In 2014, the business of Meru Central Dairy really took up. Milk intake increased to 85,000 kg daily. Because of increase in milk volumes, much effort was put in marketing. Sales volumes increased to 1,87 M Ksh. Five new primary cooperatives became member of the union, making the total of 27. The approach of working with 30 extension officers paid off, mostly by re-activing members. It increased confidence of farmers, through training and exchange visits to each other’s farms. However, average production of members is still only 4-5 kg. 

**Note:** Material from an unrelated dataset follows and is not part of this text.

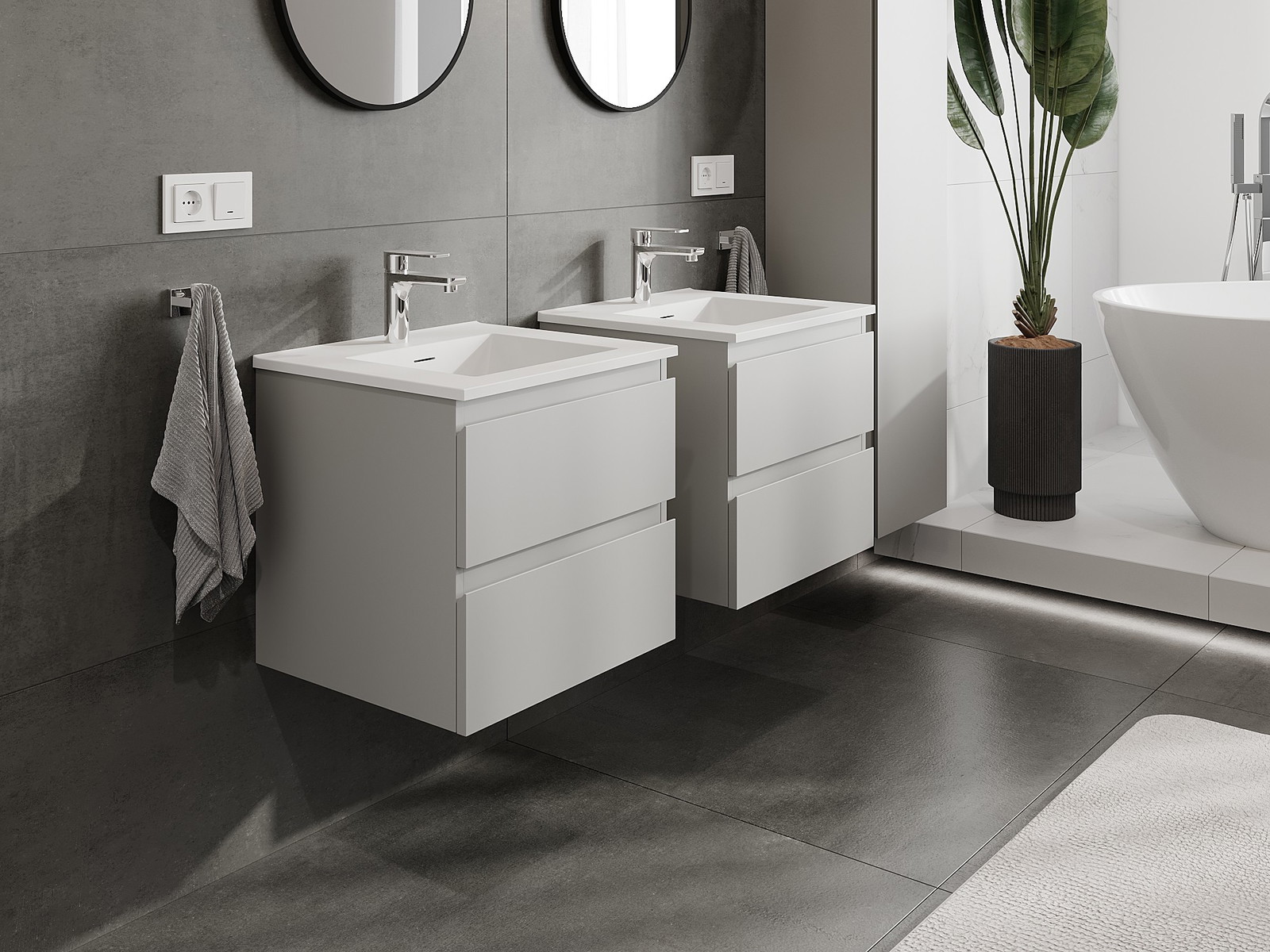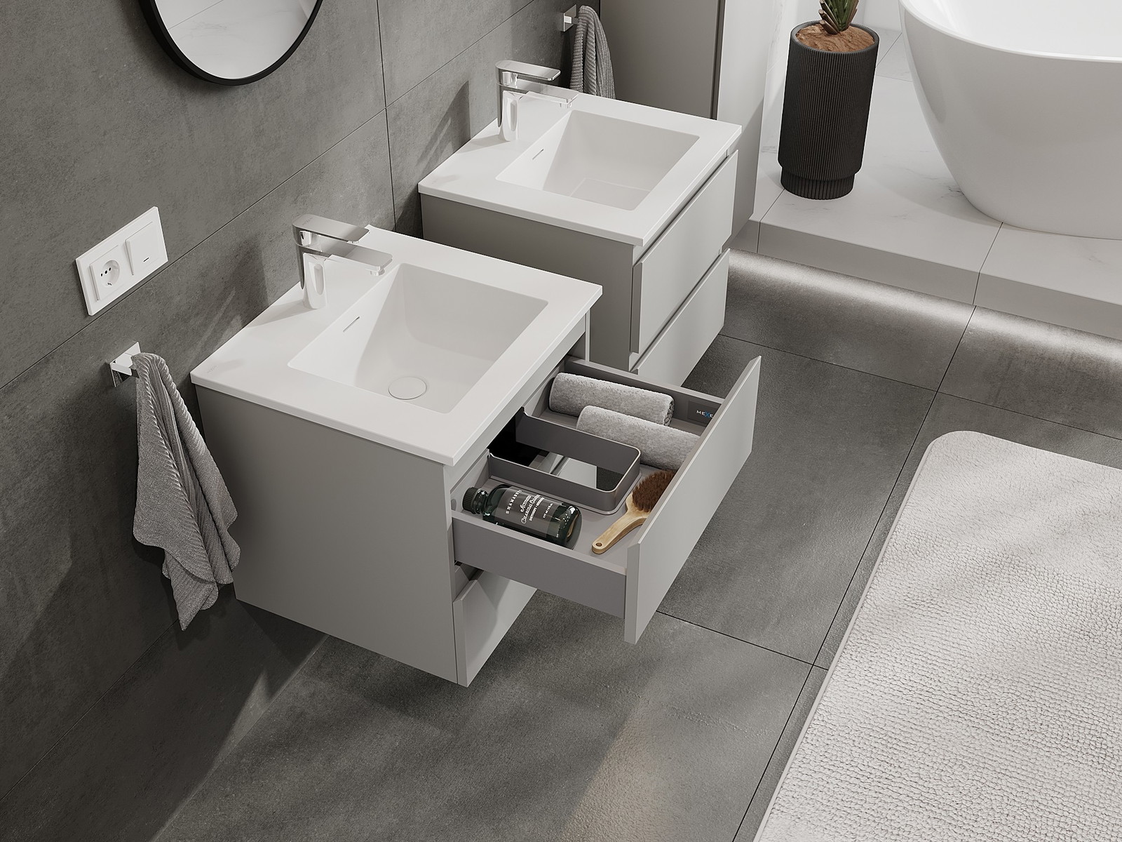 Mūsų moduliniai vonios baldai gali būti derinami tarpusavyje įvairiomis spalvų konfigūracijomis, leidžiant visiškai pritaikyti pagal asmeninius poreikius. Galima pasirinkti tiek atskirų elementų išvaizdą, tiek funkcijas, kas leidžia baldus pritaikyti pagal savo stiliaus ir naudojimo preferencijas.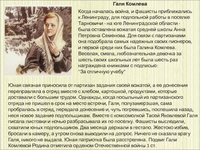 Когда началась война, и фашисты приближались к Ленинграду, для подпольной работы в поселке Тарновичи - на юге Ленинградской области - была оставлена вожатая средней школы Анна Петровна Семенова. Для связи с партизанами она подобрала самых надежных своих пионеров, и первой среди них была Галина Комлева. Веселая, смела, любознательная девочка за шесть своих школьных лет была шесть раз награждена книжками с подписью:

In 2015, Meru is underway constructing a new building that will house the new processing line (2nd UHT line). The new line is touted to have 10,800L processing capacity per hour and all the costs associated with it comes to a total of KES 230M (EUR 1.9 M). This will be financed by internal capitalisation with the money coming from monthly contribution of up to KES 3M from its members. Furthermore the supplier has also agreed to deliver the equipment based on hire purchase terms. The master plan for expansion was elaborated with assistance of Agriterra and involvement of several Agripool experts.